There weren’t many of those, though. Miners—with the exception of Dopey, Grumpy and Sneezy—seldom sang while they worked. They saved singing for the kitchen, the parlour, the union hall and the tavern. The old songs, passed down from parent to child, and the new ones, reflecting the changing reality of their lives, were like a collective moan. If I were to try to distill all of these songs down to a single theme, it would be this: life is hard and ends badly, but it’s all we have. It’s difficult not to reach for the Paxil after hearing stanzas like this: “I work in the pit, it’s a terrible hole/ Getting paid by the comp’ny for hauling the coal/ By dodging this trip it’s queer I’m alive/ For each day I work I get three sixty-five.” Or this: “I gave my best to Besco/ They gave me
their worst/ Faceless men have sucked my blood/ What can I do but curse?/ The British Vampire Company/ Sunk its teeth into my veins/ Broke my back, starved my kids/ Drove me half insane.” And doesn’t a fellow’s spirit lift to read the following, chosen at random from O’Donnell’s collection? “Deep down in the earth where we take out the coal/ The chill of the mine will soon enter your soul/ Though you long to be up where the warm sun can shine/ You just gotta be down, down, down deep in the mine.”

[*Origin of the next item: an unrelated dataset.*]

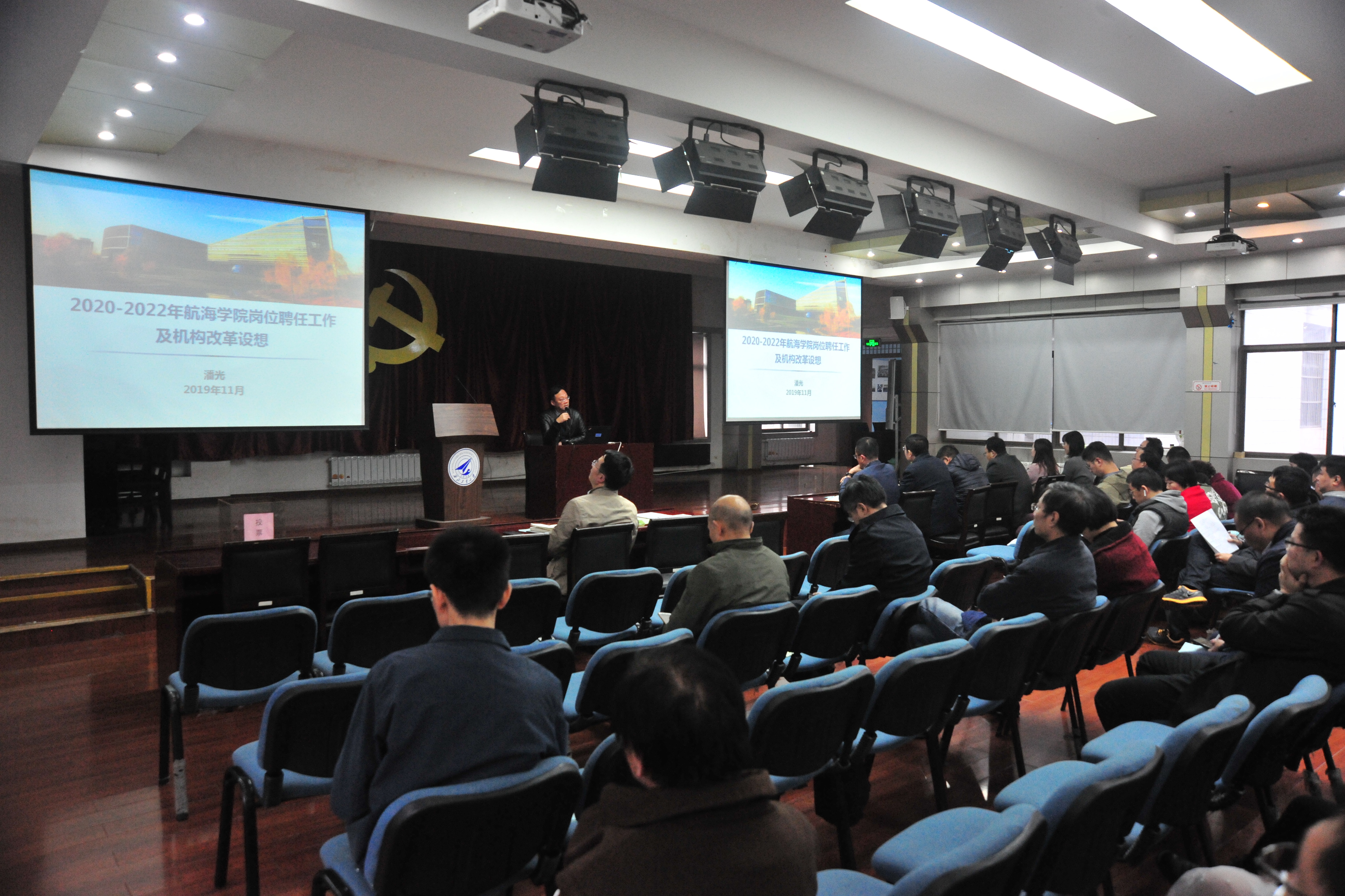 随后,潘光院长向大家全面解读了学院2020-2022年岗位聘任方案和机构改革设想。潘院长从岗位数量、上岗条件、岗位职责等几个方面详细介绍了本次聘任方案。他指出本次聘任方案是围绕建设一流学科和一流学院的发展战略,以“分系列、准长聘、责权利、AB轨”为总体思路,旨在通过人事制度的改革促进学科发展、高层次人才汇聚和标志性成果产出。他鼓励广大教师们立足自身现状,客观分析优劣势,积极对标目标岗位,做好申报和答辩准备,力争做到人岗匹配,人人有责,岗岗有责。
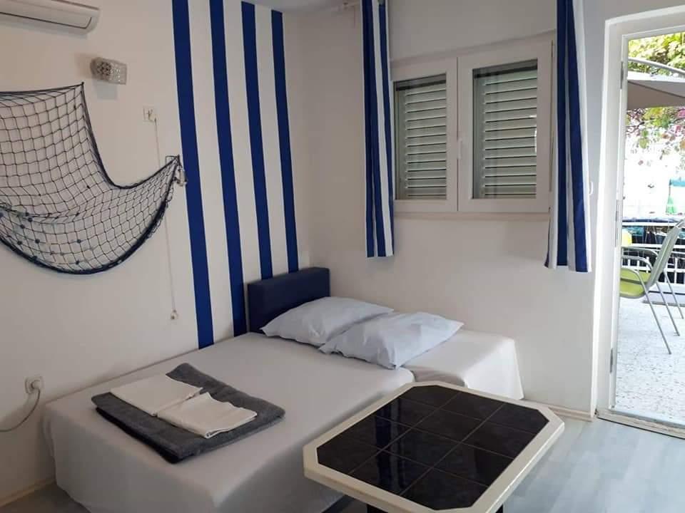 Completely and modernly furnished apartments, just 440m from the sandy beach of Slanice. The second beach of Luka is 400m away so two beaches are 5 minutes away from the apartments. All apartments are air-conditioned and all apartments have internet access. Each apartment has its own terrace, secured parking, barbecue facilities. Absolutely everything is located near the apartments 100-400m (super market, playground for children, restaurants, cafes, pharmacy, pastry shop, bakery, pizzeria, rent a boat, rent a bike, diving center, water slides, beach volleyball, tennis courts We have a lot of beaches and coves on the island of Murter where you can swim and have fun in peace with your pets The listed prices are per apartment per night, not per person Apartments 2 1 are for a maximum of 3 persons, apartments 2 2 are adapted for 4 persons, while apartments 4 2 are adjoined for 6 persons.

I picture each and every one of these songs being sung by the same bony old coot with hands like tree roots and a voice hollow and ravaged as a banshee’s. Songs about George Alfred Beckett from “Old Perl’can,” who “landed in Glace Bay,” ends up killing a taxi driver and hanging for it. Or Archie MacInnis, who was born in New Waterford in 1916 and ends up fleeing for the mainland after his buddy dies in an underground rockfall. They’re all laments—at least, the memorable coal-mining songs. The harshness of life transformed into simple, direct, powerful expression. The more stripped-down and unadorned, the better. Music isn’t even necessary. It’s all in the words:

His name was Eddie Crimmins
And he came from Port aux Basques
Besides a chance to live and work
He had nothing much to ask;
No, not a dream he ever had
That he might work and save—
Was quite content to live and die
And be a working slave.
And yet, he starved, he starved, I tell you,
Back in nineteen twenty-four,
And before he died he suffered
As many have before.
When the mines closed down that winter
He had nothing left to eat,
And he starved, he starved, I tell you,
On your dirty, damned street.

A guy right out of the pages of Jack London wrote those words: Dawn Fraser, who was at various times a male nurse, pharmacist, labourer in the lumber and construction camps, gravedigger, circus barker, copywriter and salesman, before joining the Canadian infantry in the First World War. He immediately sailed off to Siberia in an ill-fated attempt to quell the Bolshevik Revolution, got wounded, then returned to Glace Bay, his birthplace, to sell aluminum pots and pans door to door. Along the way, he would stop people on the street and read them a verse, and perhaps even try to sell them a book of poetry. Robert Service was his literary model. At first Fraser wrote about hoboes, seamen, labourers and card players (Fraser, according to historian Donald MacGillivray, was a self-professed drifter, drinker and gambler). His sympathies lay with the workingman. And since he came to live in Cape Breton during the 1920s, his later poems read like fragments of a dark age told in rhyming couplets.